I was in a post office recently for other reasons, so I asked for a book of stamps. (I do occasionally send physical letters still.) The clerk pointed to a display showing about 20 different custom stamps and asked me which ones I wanted.
Several were people I didn't recognize (which doesn't mean I don't know them; I'm bad with faces and stamps aren't large). Some looked like "logos" of a sort but it wasn't clear what causes they supported. One had Arabic text on it. One said "Harry Potter". One had a big heart (Valentine's Day leftovers, maybe?). Most or perhaps all had small text that would probably have clarified who the people were or what the others were for, but I couldn't read the text at that size in the amount of light that was there, and I didn't want to hold up the line with what should have been a simple operation. But I didn't want to buy something I might not want to be using on my mail, either. (I once ended up with some very-religious Christmas stamps because I didn't specify. I won't make that mistake again.)
So I asked: don't you have something generic, like Liberty Bells (that's what my last set of generic stamps had) or flags? She dug around in the drawer and turned up some flags. I'm not especially patriotic, but they're unobjectionable so I took them.
As with quarters and license plates, I sometimes wonder if the desire to offer more and more customization options is starting to impede the primary purpose.
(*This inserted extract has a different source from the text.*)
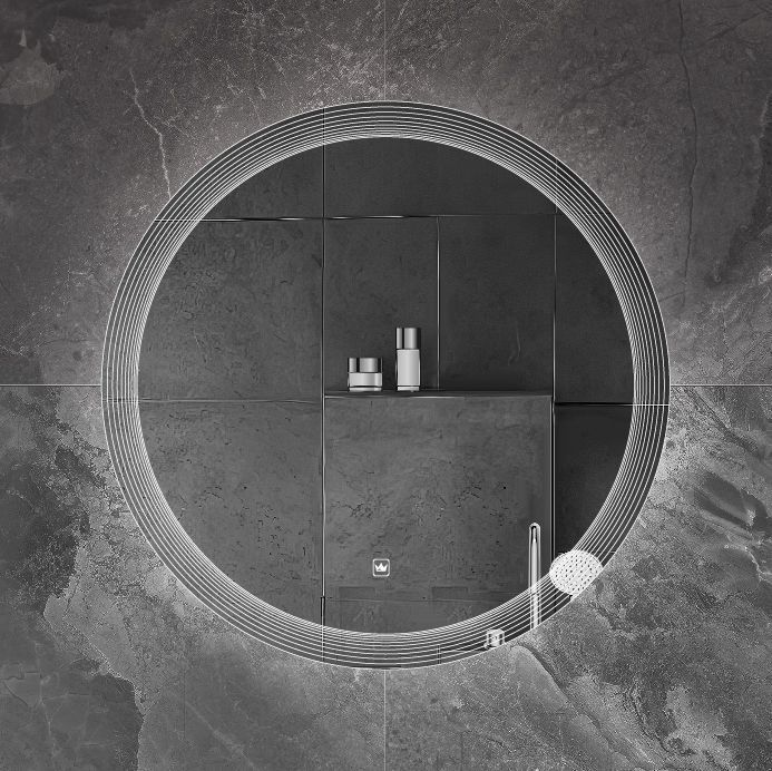 Зеркало 60x3 круглое с сенсорным выключателем на прикосновение и лазерной гравировкой по периметру.  Корпус изделия выполнен из  пластика. Cветодиодная лента установлена снаружи корпуса в силиконовой оболочке(повышенной влагостокости). Диммер с возможностью регулировки яркости свечения. Лента SMD 3528, IP 44, 12V, 4200 К, холодный свет. Навесы имеют регулировку по горизонтали 1.5 см. Крепеж для монтажа прилагается.

I understand the desire to make special-purpose runs of stamps -- they're probably thinking that anything that helps make postal mail, or at least postage stamps, relevant is a good thing -- but in this case it hindered usability. Really, I just want something that conveys "mailing fee paid".
I'd happily buy flowers, fish, space shots (Hubble could supply), auroras, wildlife... anything like that. I like pretty stamps. It all beats flags and liberty bells. But faces of people I don't recognize seemed to dominate this set, and that's not very exciting to me.